=== Raw data ===
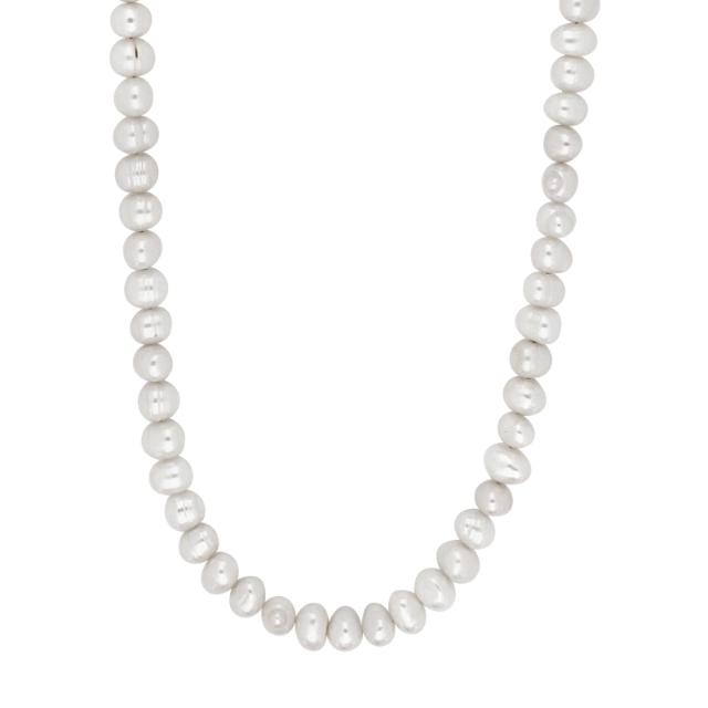 Naisten ja miesten helmikaulakoru valkoisilla aidoilla makeanveden viljellyillä helmillä. Yhden helmen koko on noin 5 mm. Ketjun pituus on 55 cm. Materiaali kirurginteräs.
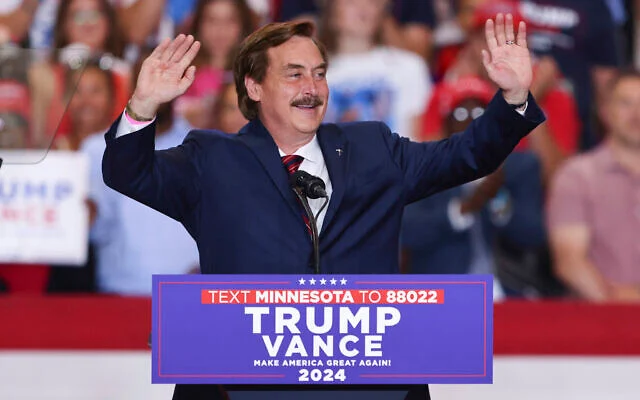 Ο διευθύνων σύμβουλος της MyPillow, Μάικ Λίντελ, μιλάει σε συγκέντρωση υπέρ του υποψήφιου των Ρεπουμπλικανών για την προεδρία και πρώην προέδρου των ΗΠΑ Ντόναλντ Τραμπ, 27 Ιουλίου 2024, στο Σεντ Κλάουντ της Μινεσότα.
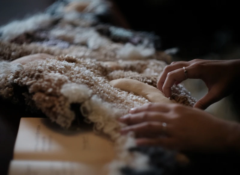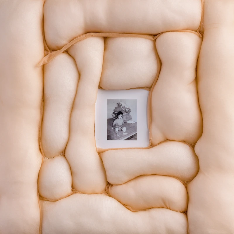 他的織品作品用簇絨槍來燒灼,在布料上用異材質(zhì)布料拼貼出起伏如水泡、如山稜的線條,不同的材質(zhì)拼接就像腿上的傷疤,起起伏伏、卻自有姿態(tài)。
===
Repeat the data exactly in full, omitting its pictures.

◆ Solution
 Naisten ja miesten helmikaulakoru valkoisilla aidoilla makeanveden viljellyillä helmillä. Yhden helmen koko on noin 5 mm. Ketjun pituus on 55 cm. Materiaali kirurginteräs.
 Ο διευθύνων σύμβουλος της MyPillow, Μάικ Λίντελ, μιλάει σε συγκέντρωση υπέρ του υποψήφιου των Ρεπουμπλικανών για την προεδρία και πρώην προέδρου των ΗΠΑ Ντόναλντ Τραμπ, 27 Ιουλίου 2024, στο Σεντ Κλάουντ της Μινεσότα.
 他的織品作品用簇絨槍來燒灼,在布料上用異材質(zhì)布料拼貼出起伏如水泡、如山稜的線條,不同的材質(zhì)拼接就像腿上的傷疤,起起伏伏、卻自有姿態(tài)。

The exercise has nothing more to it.